> _What the task asks_: The result should be the lines from the one holding "Meiotic non-disjunction §" to the final line of the records below, repeated exactly and with no pictures.
BEGIN
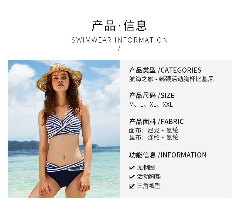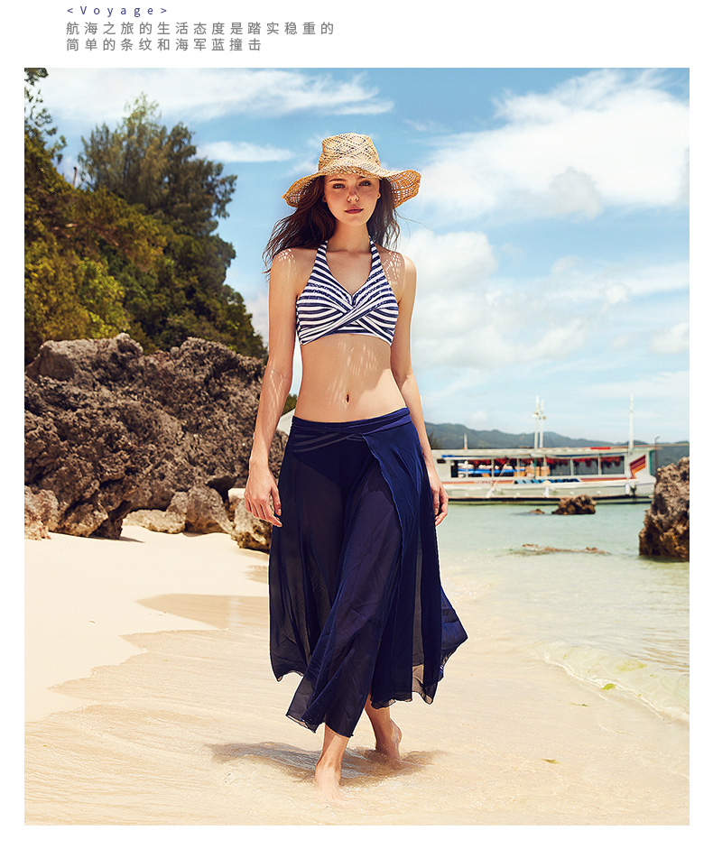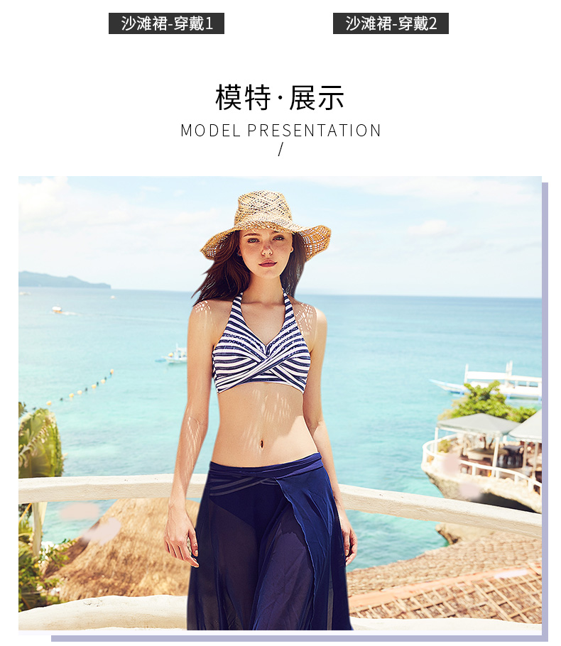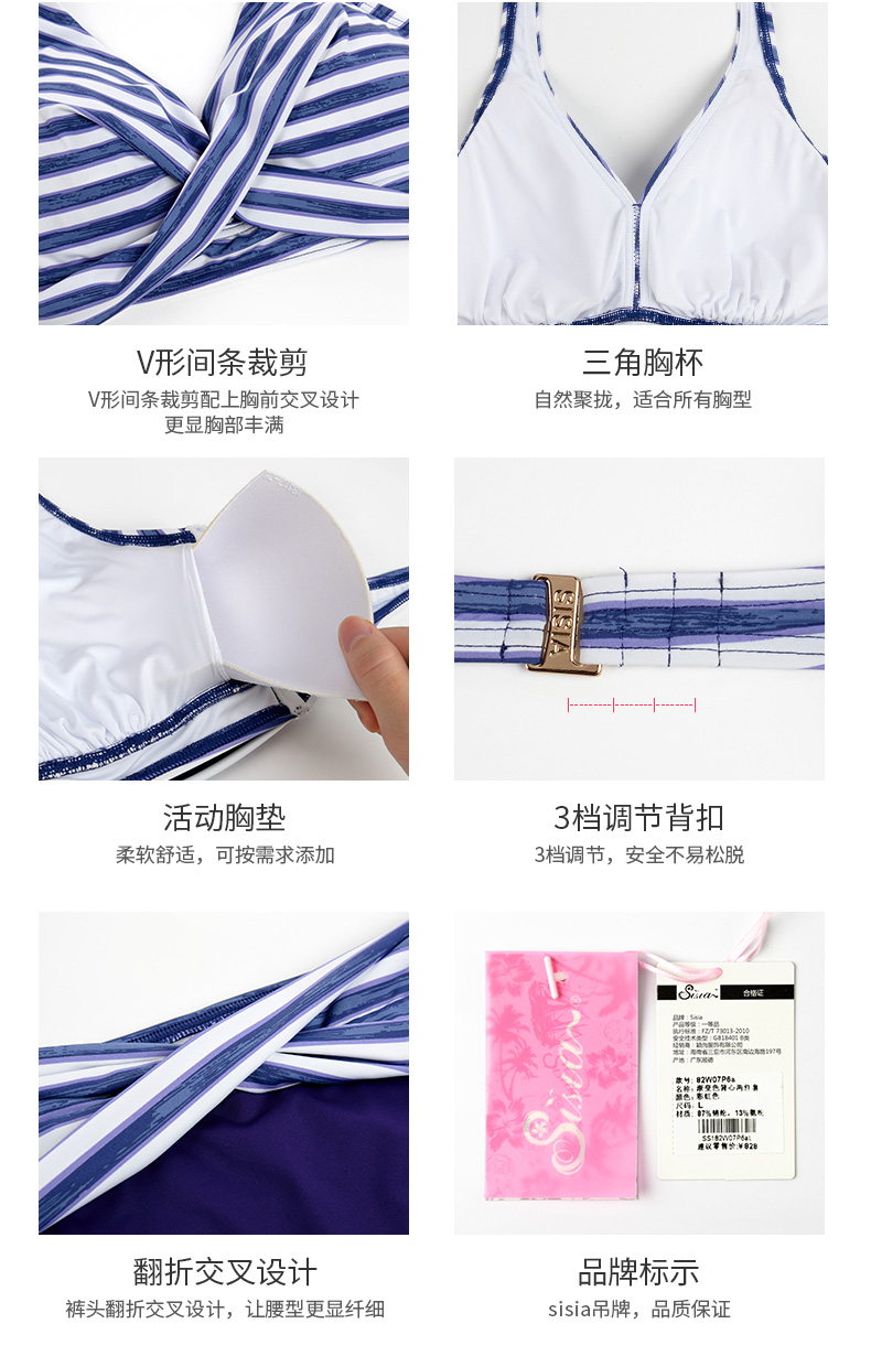 sisia新款性感大胸比基尼条纹海军风小胸聚拢出国游泳衣女三件套
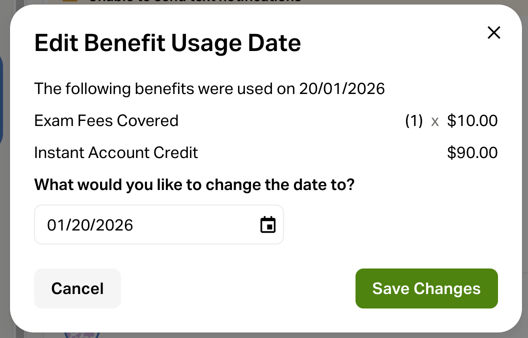 ⚠️ Only the most recent benefit usage of an active membership can be edited.
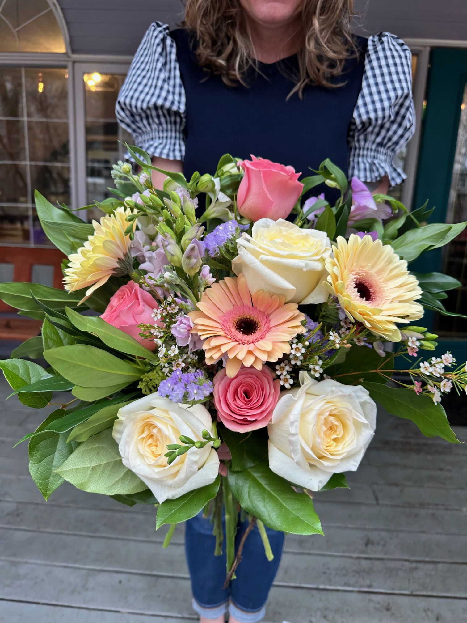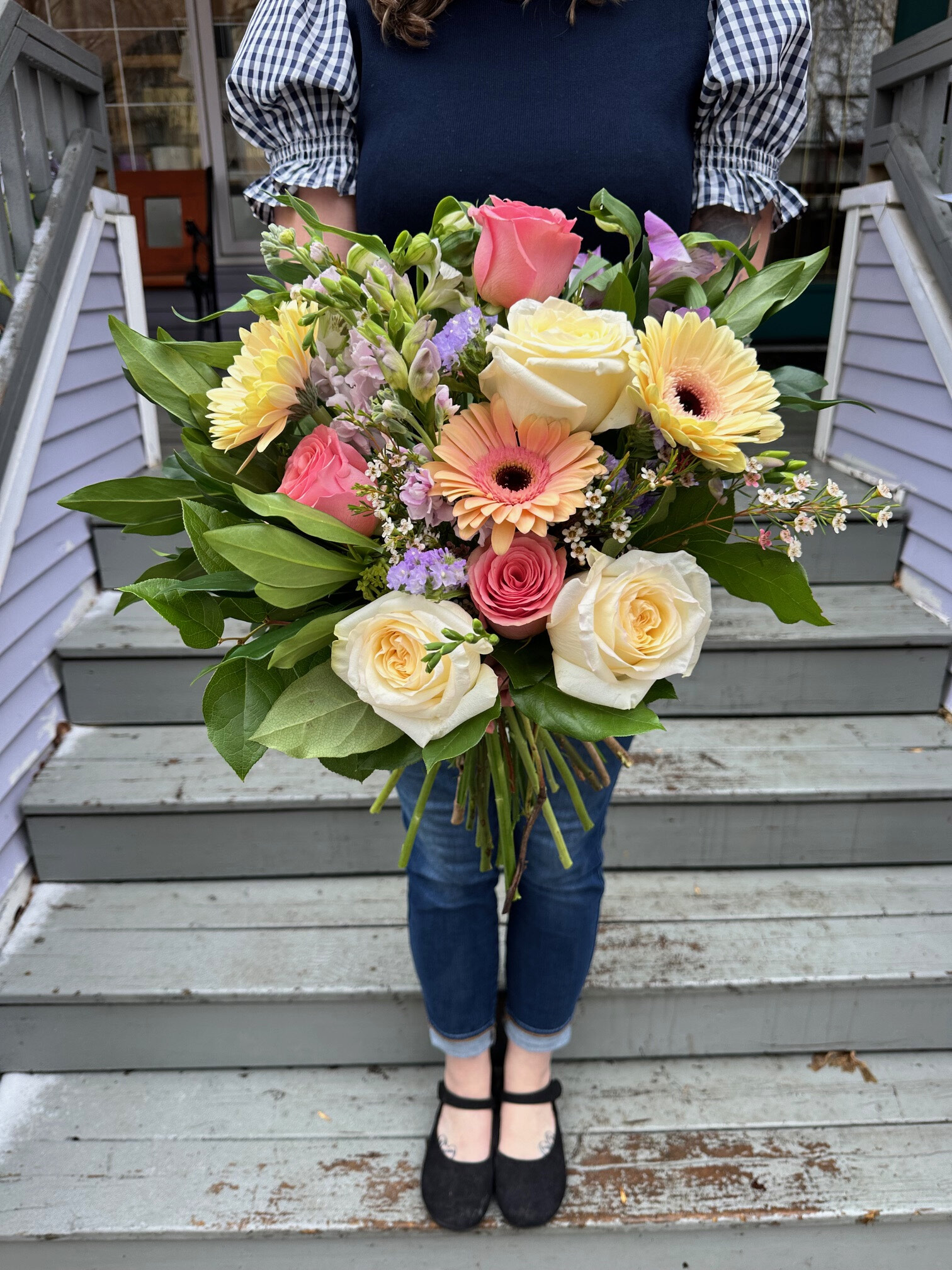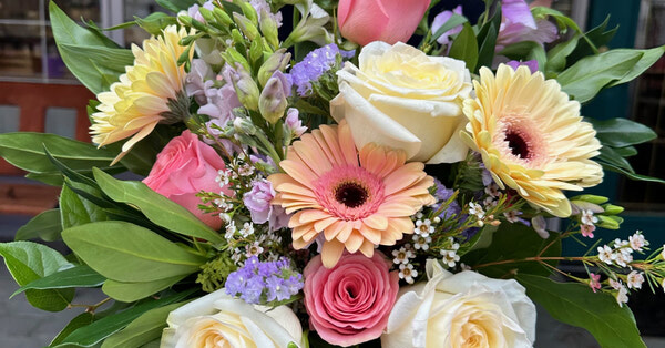 This bouquet is a lovely collection of roses, and playful gerbera daisies, complemented by playful spring fillers and greenery. It's a hand-held celebration, artfully designed to bring joy and a splash of vivacity to any space or occasion. *Hand-tied bouquet
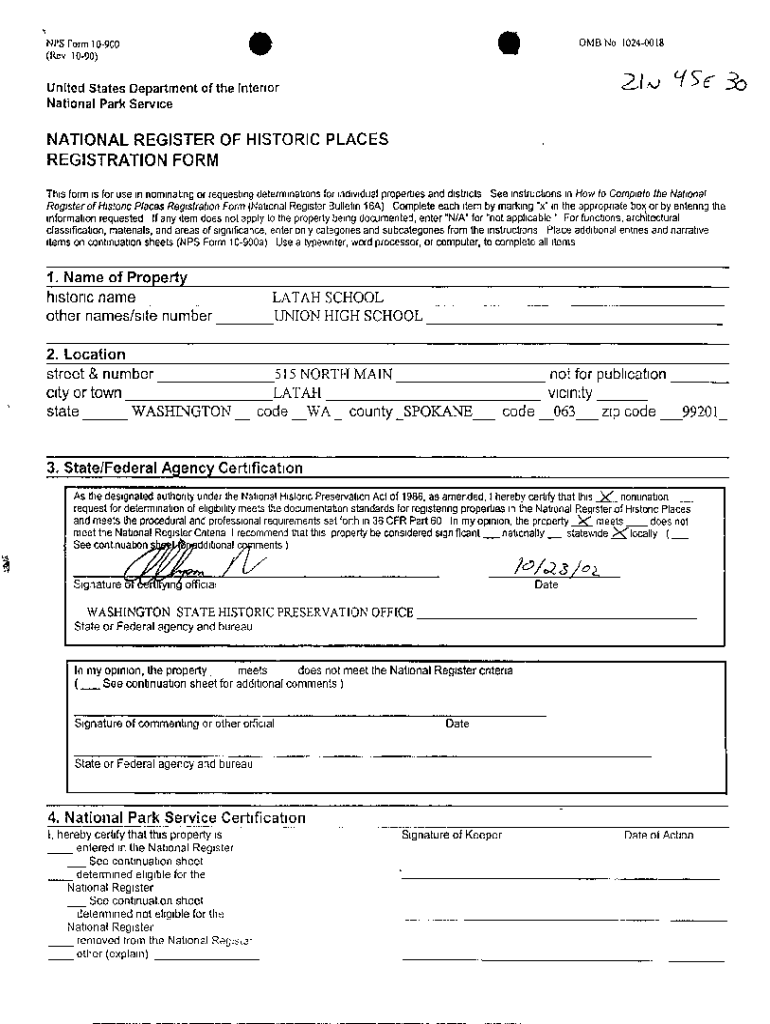 , NI\'S form 10900 (Rev 1090)United States Department National Park Service of the Interior OMS No 10240018NATIONAL REGISTER OF HISTORIC PLACES REGISTRATION FORM This form IS for use In nominating
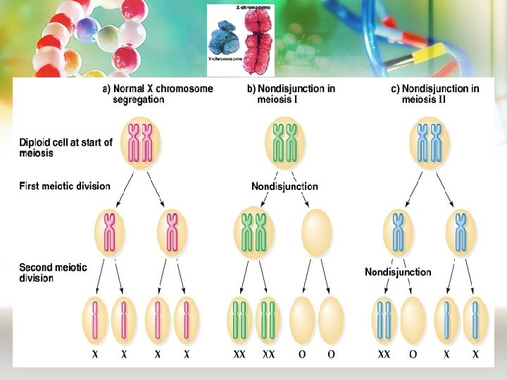 Meiotic non-disjunction § can affect each pair of chromosomes § is not a rare event § non disjunction in first meiotic division produces 4 unbalanced gametes. § non disjunction in second division produces 2 normal gametes & 2 unbalanced gametes
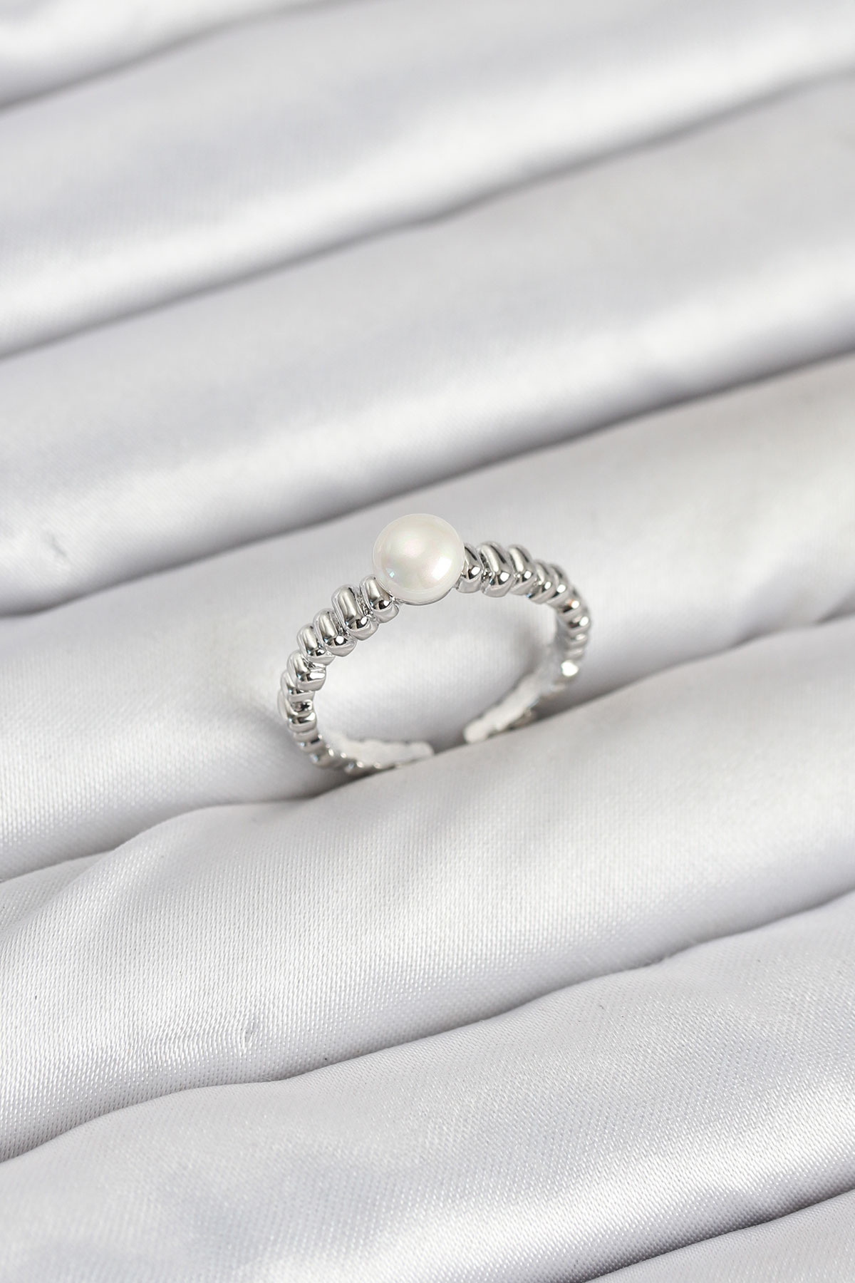 Pirinç Gümüş Renk Göbek İnci Model Kadın Yüzük - TJ-BYK3887
END
> _Answer section_:
 Meiotic non-disjunction § can affect each pair of chromosomes § is not a rare event § non disjunction in first meiotic division produces 4 unbalanced gametes. § non disjunction in second division produces 2 normal gametes & 2 unbalanced gametes
 Pirinç Gümüş Renk Göbek İnci Model Kadın Yüzük - TJ-BYK3887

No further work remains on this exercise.